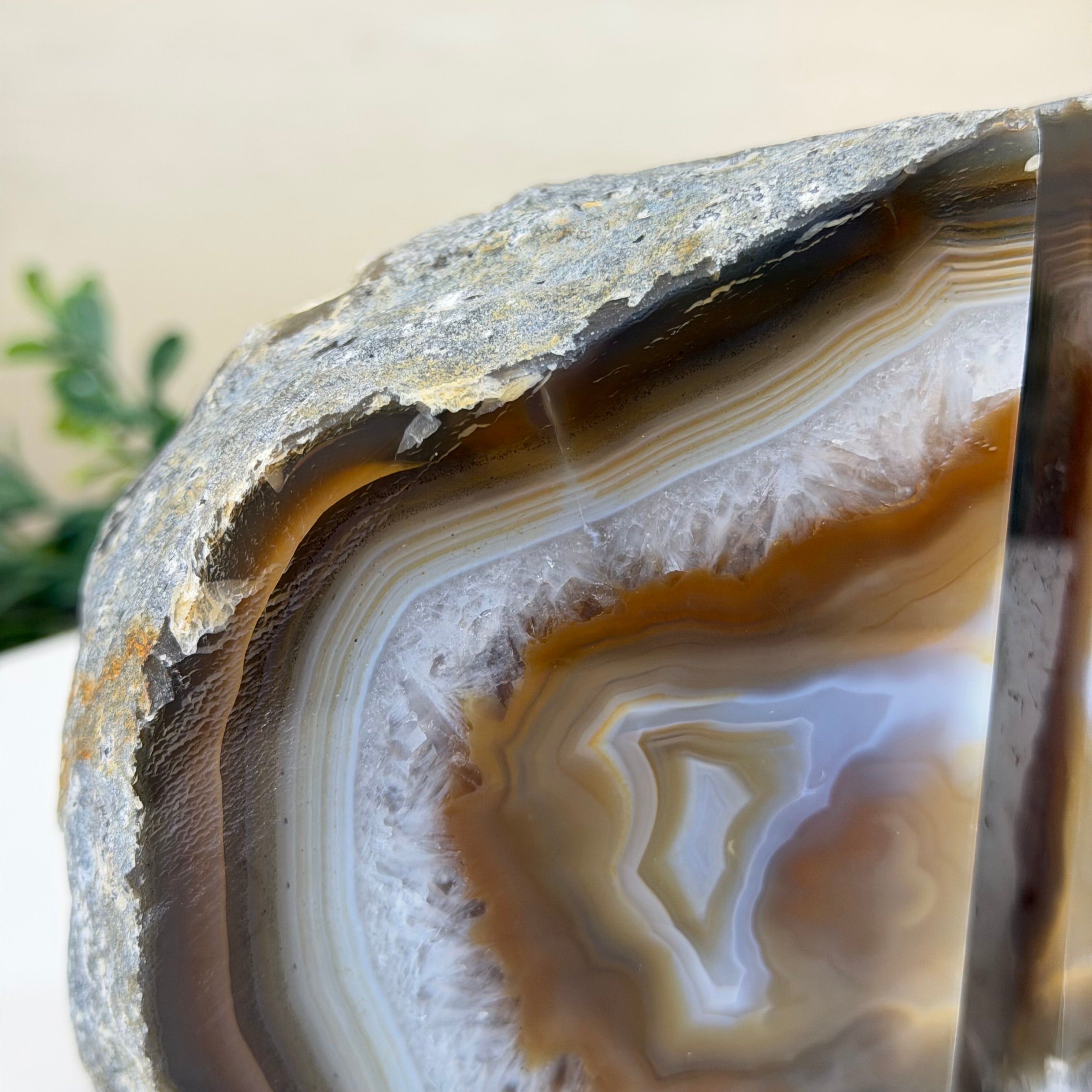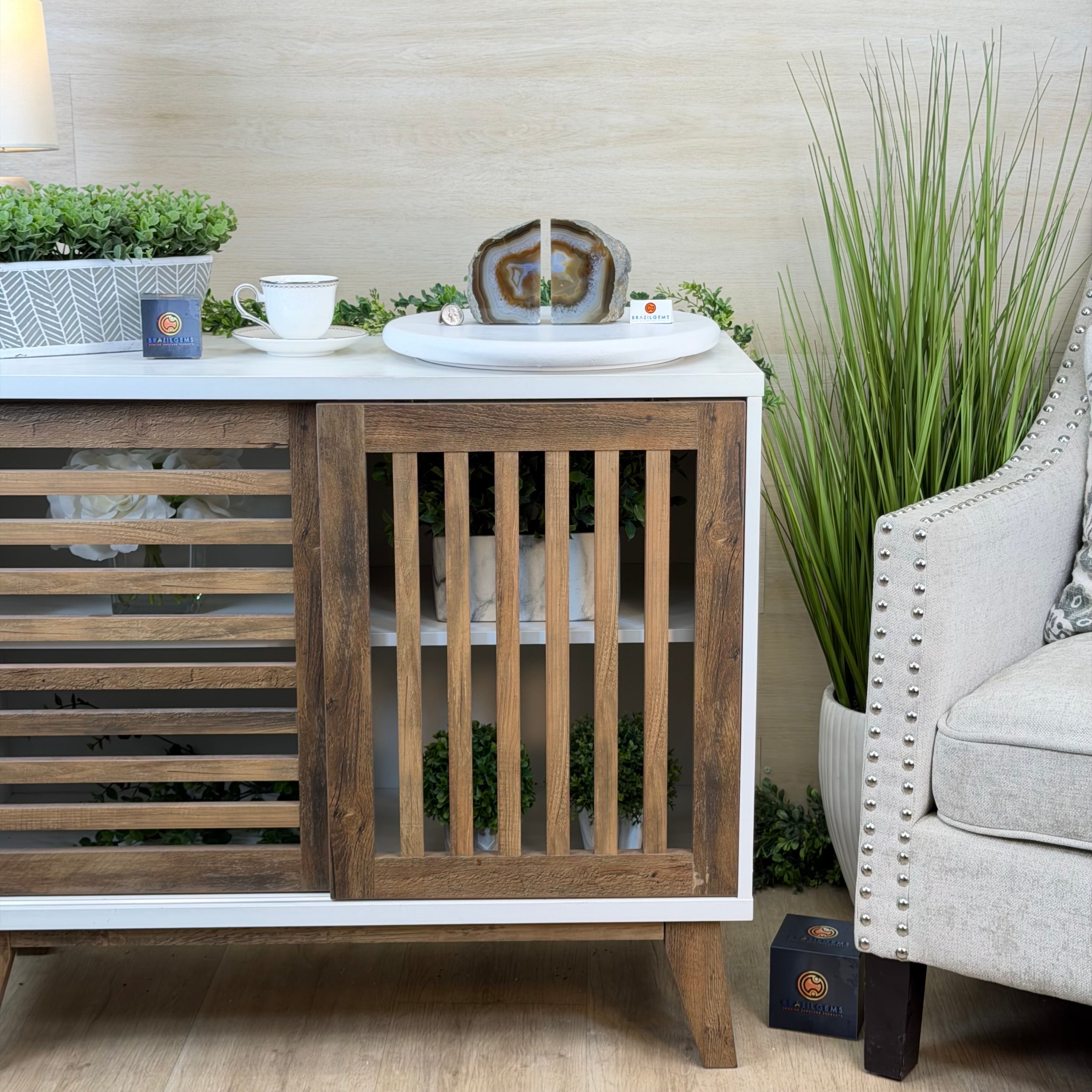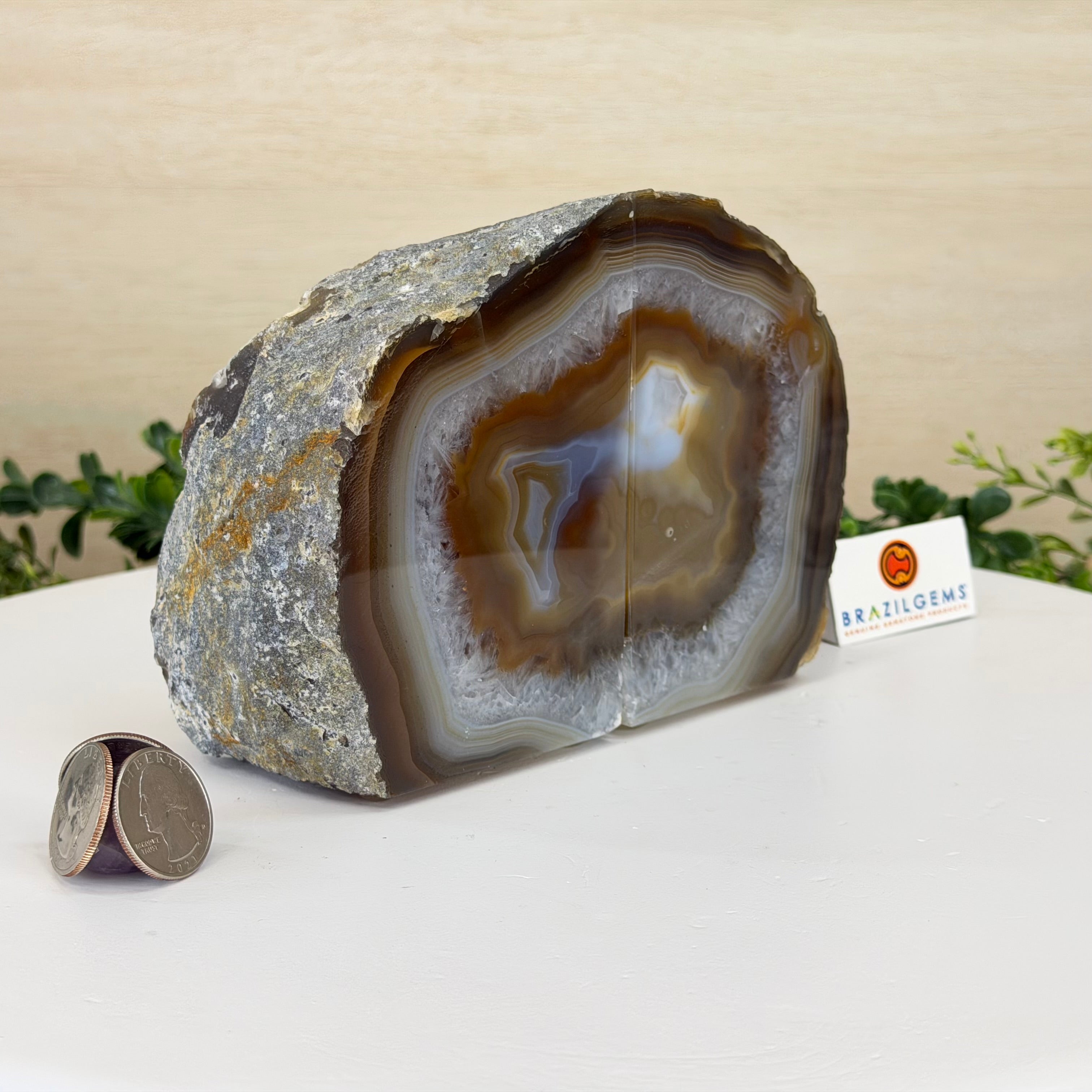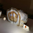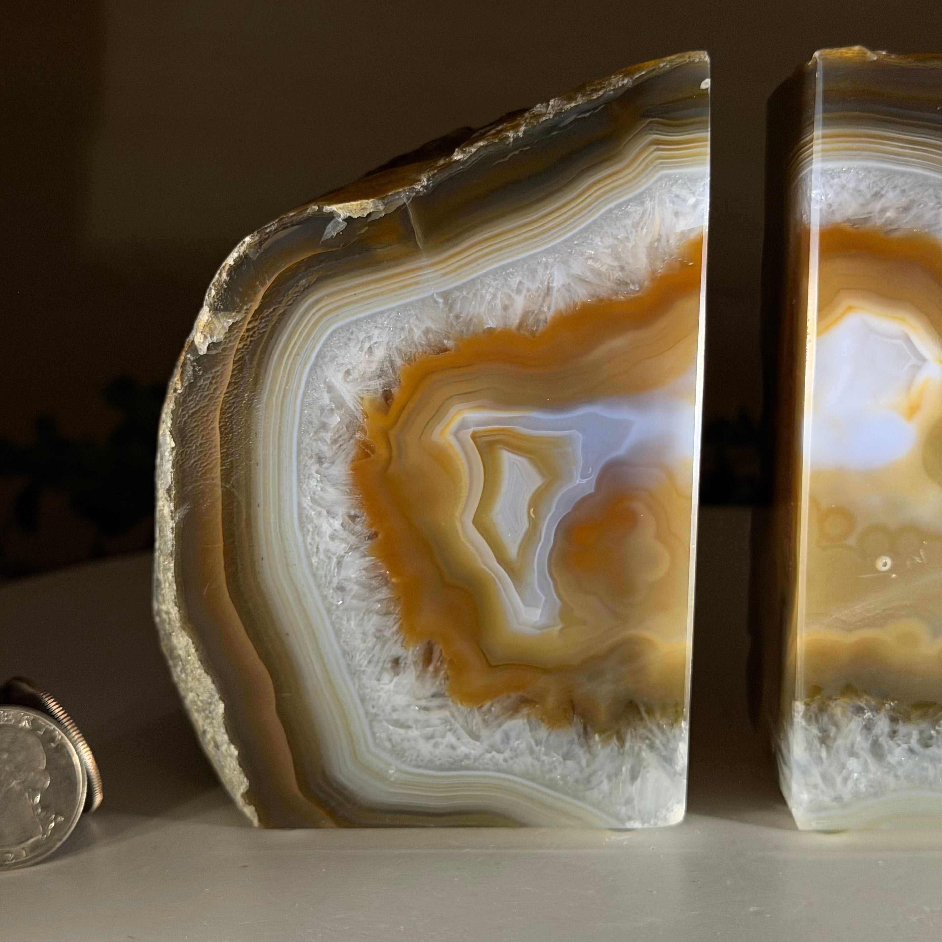 Formed from genuine Brazilian Agate geodes, these Agate Crystal bookends showcase sparkling white crystals surrounded by colorful Agate bands across the front. With interior sides and bottom polished smooth for balance and stability. This pair highlights Agate's natural tones, blending raw crystal beauty with refined craftsmanship.
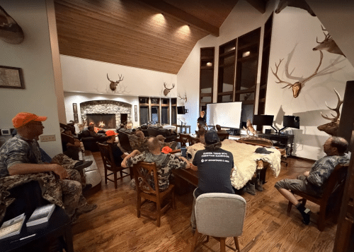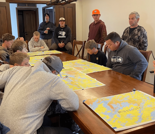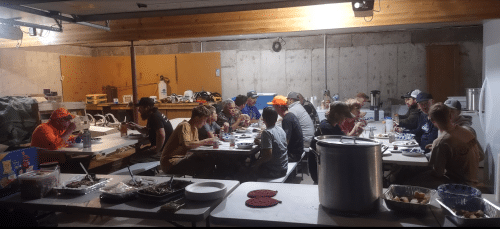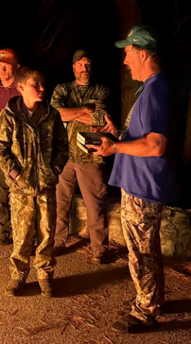 Camp Life had a great atmosphere! The boys and their mentors slept in wall tents as part of the true “hunting camp” experience. The meals were hearty: stew, chili, and even pork tenderloin fueled the hungry hunters! On Sunday, the boys who had already harvested an animal participated in hands-on Wilderness Skills classes in map reading, first aid, archery, and fire building.
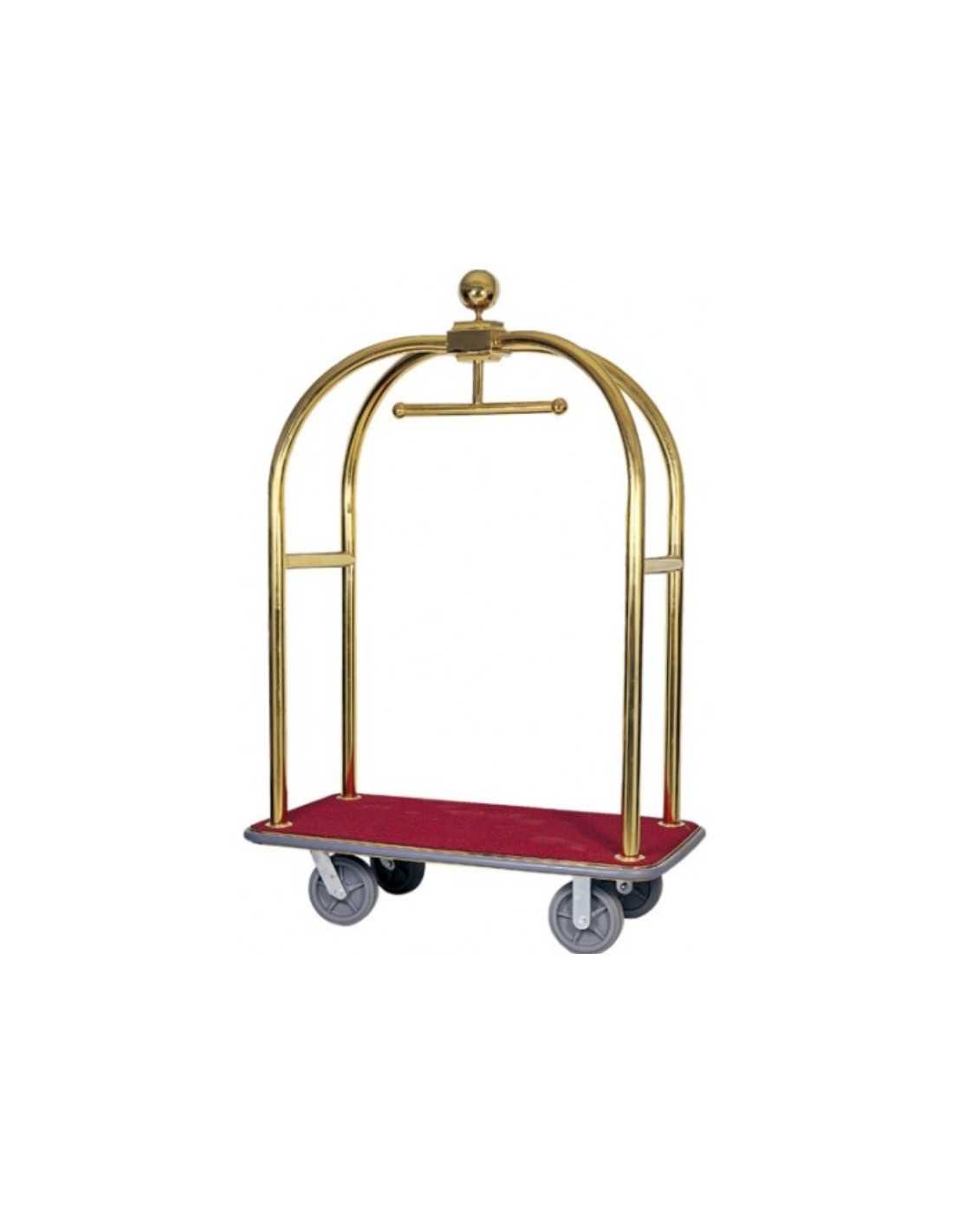 Carrello portavaligie e portabiti - Modello PV2001 - Base in legno ricoperta da moquette colorata - Moquette rossa - Struttura ottone - Paracolpi in gomma - Ruote multidirezionali - Peso max Kg 150 - Dimensioni cm 124x 64 x 190 h

#### [WHAT YOU ARE ASKED TO DO]
Keep the pictures out and transcribe the listing exactly.

#### [THE COMPLETED TASK]
 Formed from genuine Brazilian Agate geodes, these Agate Crystal bookends showcase sparkling white crystals surrounded by colorful Agate bands across the front. With interior sides and bottom polished smooth for balance and stability. This pair highlights Agate's natural tones, blending raw crystal beauty with refined craftsmanship.
 Camp Life had a great atmosphere! The boys and their mentors slept in wall tents as part of the true “hunting camp” experience. The meals were hearty: stew, chili, and even pork tenderloin fueled the hungry hunters! On Sunday, the boys who had already harvested an animal participated in hands-on Wilderness Skills classes in map reading, first aid, archery, and fire building.
 Carrello portavaligie e portabiti - Modello PV2001 - Base in legno ricoperta da moquette colorata - Moquette rossa - Struttura ottone - Paracolpi in gomma - Ruote multidirezionali - Peso max Kg 150 - Dimensioni cm 124x 64 x 190 h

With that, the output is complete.